1.2k Views Asked by At

I want to calculate the Hessian matrix of a loss w.r.t. model parameters in PyTorch, but using torch.autograd.functional.hessian is not an option for me since it recomputes the model output and loss which I already have from previous calls. My current implementation is as follows:

import torch
import time

# Create model
model = torch.nn.Sequential(torch.nn.Linear(1, 100), torch.nn.Tanh(), torch.nn.Linear(100, 1))
num_param = sum(p.numel() for p in model.parameters())

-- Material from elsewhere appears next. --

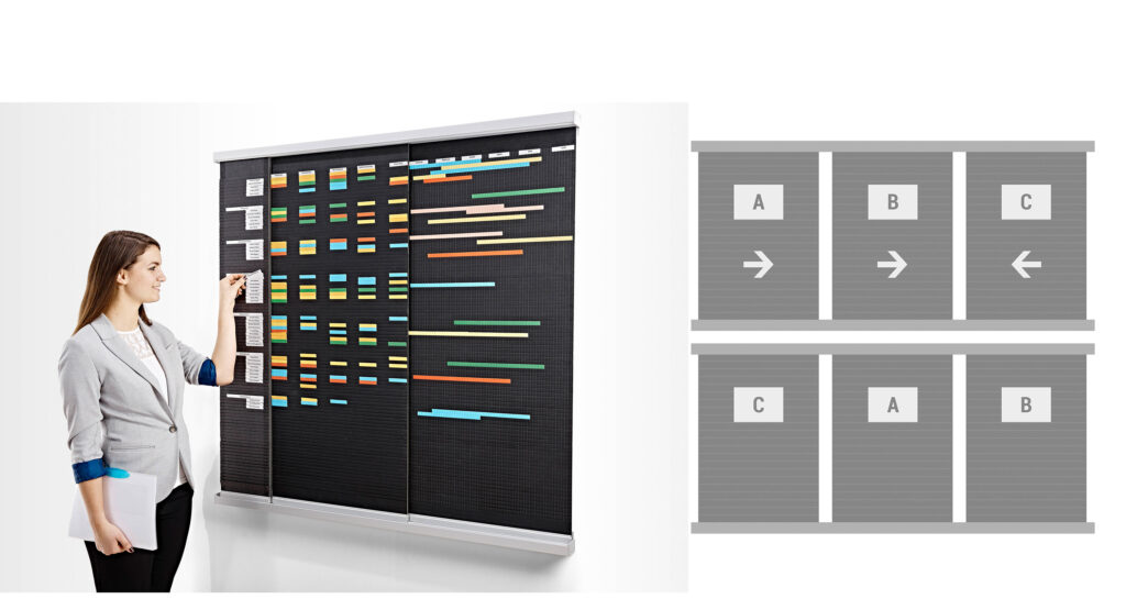 Professionelle Planungstafeln sind in unterschiedlichsten Formaten erhältlich, um den unterschiedlichen Bedürfnissen unserer Kunden gerecht zu werden. Großformate eignen sich hervorragend für die Darstellung umfangreicher Projekte oder Schichtpläne in Produktionsstätten und Büros.

# Evaluate some loss on a random dataset
x = torch.rand((1000,1))
y = torch.rand((1000,1))
y_hat = model(x)
loss = ((y_hat - y)**2).mean()

''' Calculate Hessian '''
start = time.time()

# Allocate Hessian size
H = torch.zeros((num_param, num_param))

# Calculate Jacobian w.r.t. model parameters
J = torch.autograd.grad(loss, list(model.parameters()), create_graph=True)
J = torch.cat([e.flatten() for e in J]) # flatten

# Fill in Hessian
for i in range(num_param):
    result = torch.autograd.grad(J[i], list(model.parameters()), retain_graph=True)
    H[i] = torch.cat([r.flatten() for r in result]) # flatten

print(time.time() - start)

Is there any way to do this faster? Perhaps without using the for loop, since it is calling autograd.grad for every single model variable.

1

There are 1 best solutions below

0
Thomas Wagenaar On

One way to make it faster is using functorch.hessian (based on this issue), however it has to recompute the loss everytime a Hessian is calculated (while I already have access to the loss). Nevertheless, i'll post it for those that are interested. I still think it is far too slow.

import torch
from functorch import hessian
from torch.nn.utils import _stateless
import time

# Create model
model = torch.nn.Sequential(torch.nn.Linear(1, 100), torch.nn.Tanh(), torch.nn.Linear(100, 1))
num_param = sum(p.numel() for p in model.parameters())
names = list(n for n, _ in model.named_parameters())

# Create random dataset
x = torch.rand((1000,1))
y = torch.rand((1000,1))

# Define loss function
def loss(params):
    y_hat = _stateless.functional_call(model, {n: p for n, p in zip(names, params)}, x)
    return ((y_hat - y)**2).mean()

# Calculate Hessian
hessian_func = hessian(loss)

start = time.time()

H = hessian_func(tuple(model.parameters()))
H = torch.cat([torch.cat([e.flatten() for e in Hpart]) for Hpart in H]) # flatten
H = H.reshape(num_param, num_param)

print(time.time() - start)